**Task objective:** Your output must be the lines below from the line containing "This classic noah" to the line containing "Plus Size Ethnic", both lines included, reproduced exactly and without pictures.

**Supplied information:**
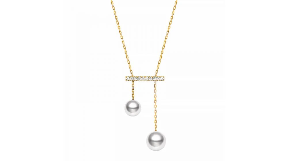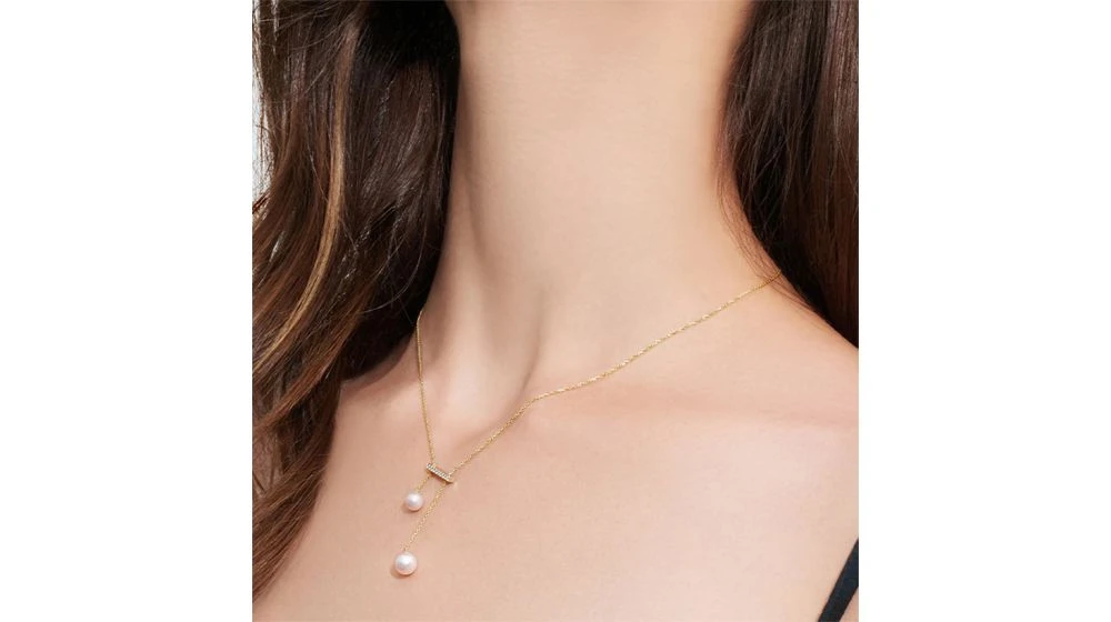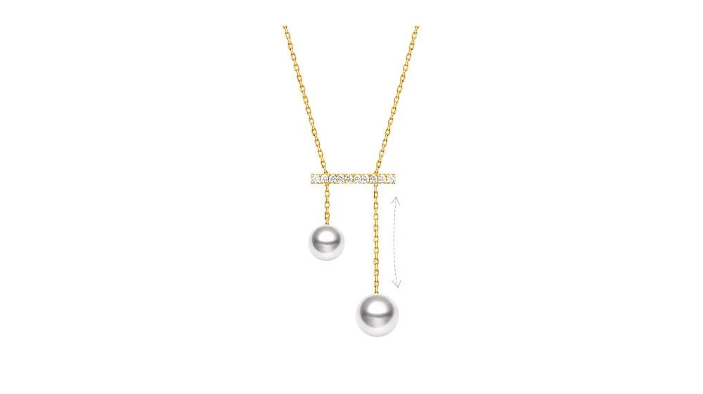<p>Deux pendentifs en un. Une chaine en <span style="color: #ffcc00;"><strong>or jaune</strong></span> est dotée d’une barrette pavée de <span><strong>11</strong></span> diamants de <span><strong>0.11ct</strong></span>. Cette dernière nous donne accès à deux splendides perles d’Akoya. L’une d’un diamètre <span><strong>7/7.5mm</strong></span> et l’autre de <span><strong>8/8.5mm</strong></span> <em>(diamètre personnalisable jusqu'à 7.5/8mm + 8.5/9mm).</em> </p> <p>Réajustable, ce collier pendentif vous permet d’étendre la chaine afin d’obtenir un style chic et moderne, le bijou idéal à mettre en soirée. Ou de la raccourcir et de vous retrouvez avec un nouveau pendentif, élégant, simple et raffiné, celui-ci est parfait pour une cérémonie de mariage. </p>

...

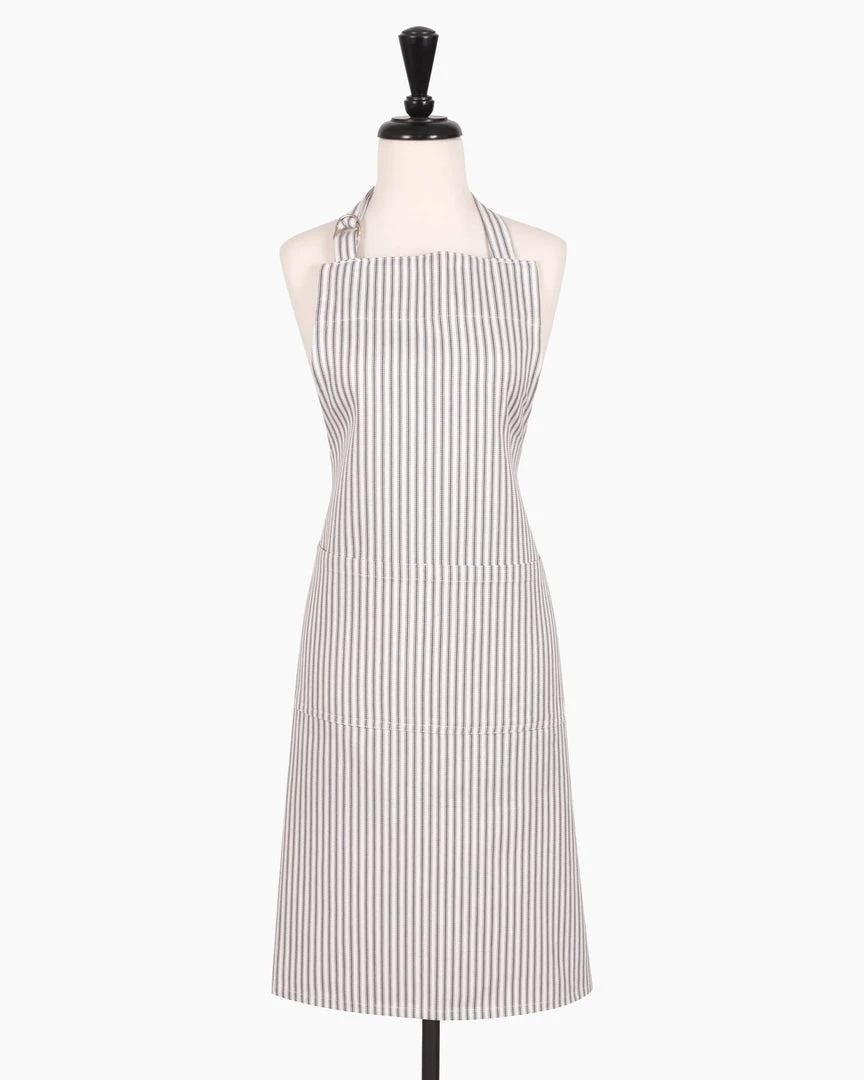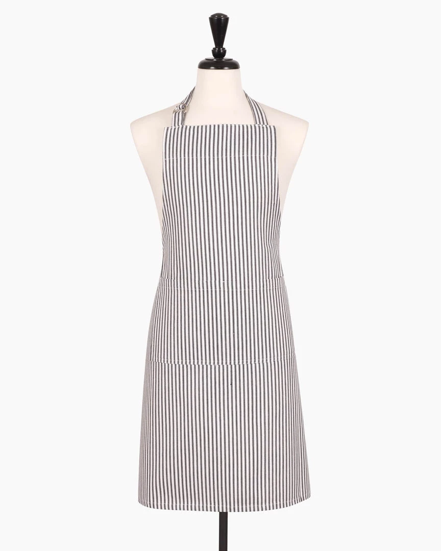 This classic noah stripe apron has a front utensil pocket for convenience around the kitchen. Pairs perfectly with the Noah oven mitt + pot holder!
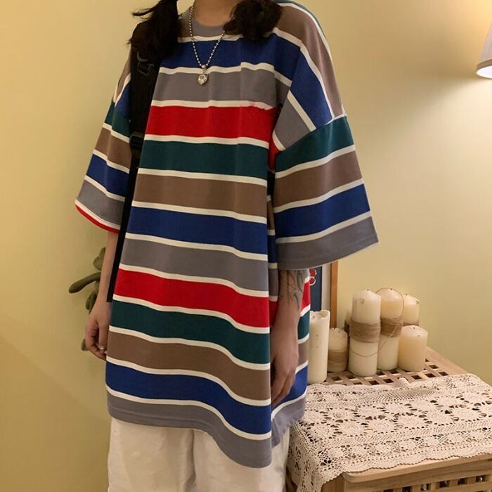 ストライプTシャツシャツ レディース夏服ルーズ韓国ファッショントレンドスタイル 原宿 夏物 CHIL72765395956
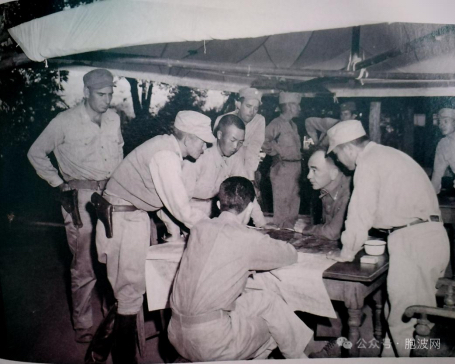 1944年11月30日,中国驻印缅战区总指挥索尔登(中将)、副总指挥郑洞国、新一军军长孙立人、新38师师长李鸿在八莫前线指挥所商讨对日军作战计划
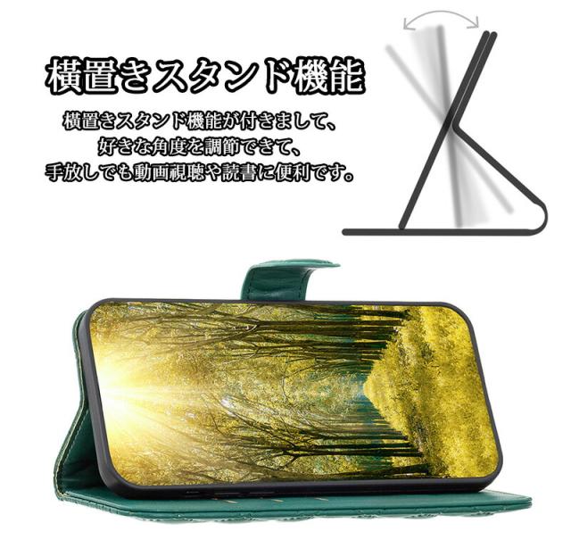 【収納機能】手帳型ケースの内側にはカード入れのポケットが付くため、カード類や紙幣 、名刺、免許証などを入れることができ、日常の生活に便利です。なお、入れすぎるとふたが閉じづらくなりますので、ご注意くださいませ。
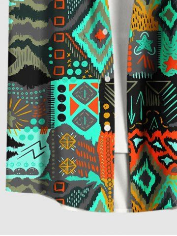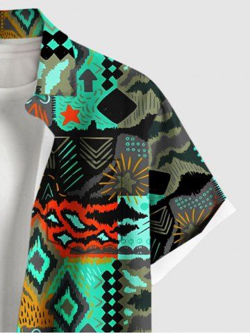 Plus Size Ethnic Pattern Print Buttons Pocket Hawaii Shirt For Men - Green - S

* * *

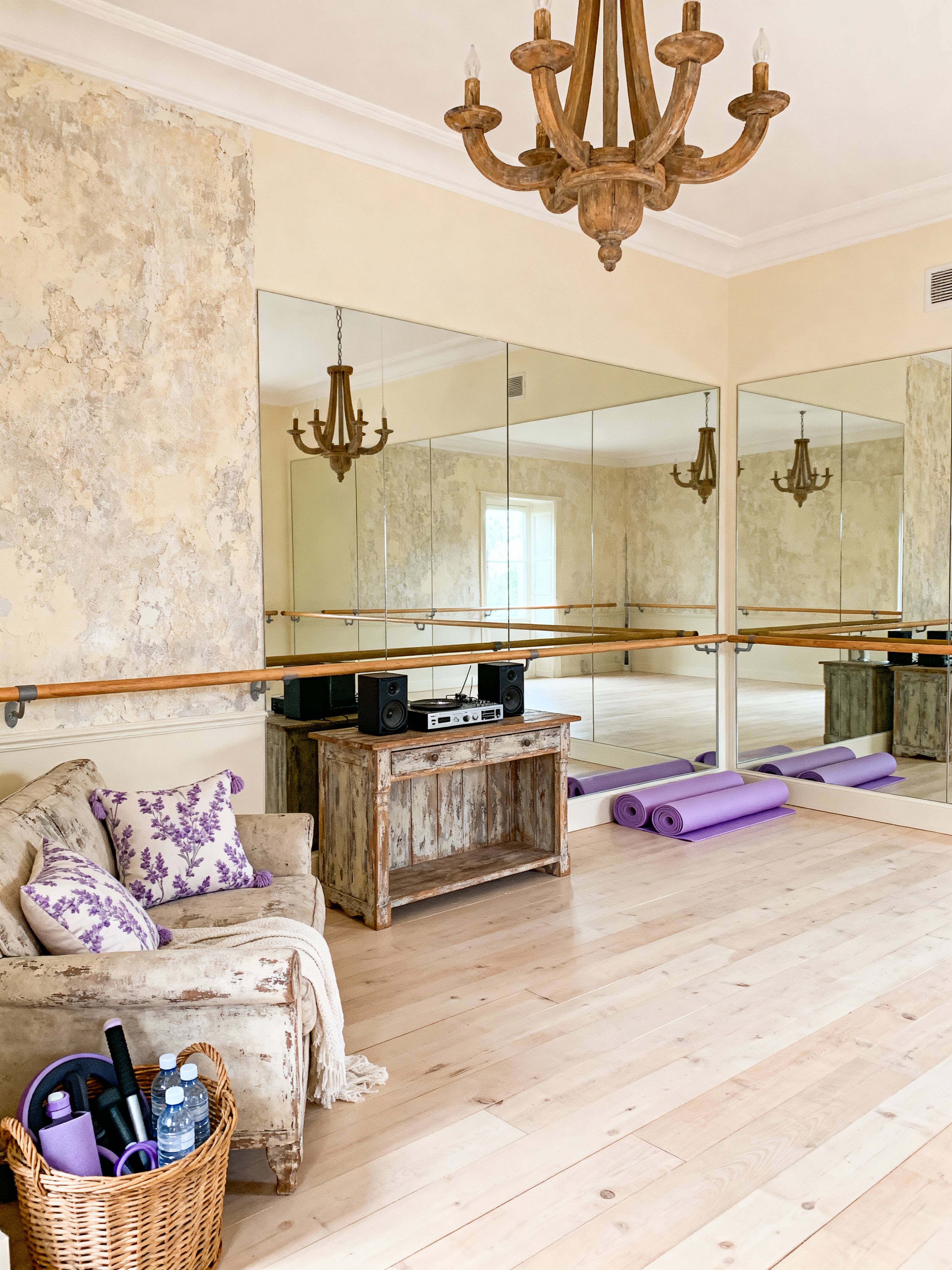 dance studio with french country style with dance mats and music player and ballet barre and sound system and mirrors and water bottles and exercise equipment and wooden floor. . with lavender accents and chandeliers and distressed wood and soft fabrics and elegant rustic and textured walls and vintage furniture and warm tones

**Worked solution:**
 This classic noah stripe apron has a front utensil pocket for convenience around the kitchen. Pairs perfectly with the Noah oven mitt + pot holder!
 ストライプTシャツシャツ レディース夏服ルーズ韓国ファッショントレンドスタイル 原宿 夏物 CHIL72765395956
 1944年11月30日,中国驻印缅战区总指挥索尔登(中将)、副总指挥郑洞国、新一军军长孙立人、新38师师长李鸿在八莫前线指挥所商讨对日军作战计划
 【収納機能】手帳型ケースの内側にはカード入れのポケットが付くため、カード類や紙幣 、名刺、免許証などを入れることができ、日常の生活に便利です。なお、入れすぎるとふたが閉じづらくなりますので、ご注意くださいませ。
 Plus Size Ethnic Pattern Print Buttons Pocket Hawaii Shirt For Men - Green - S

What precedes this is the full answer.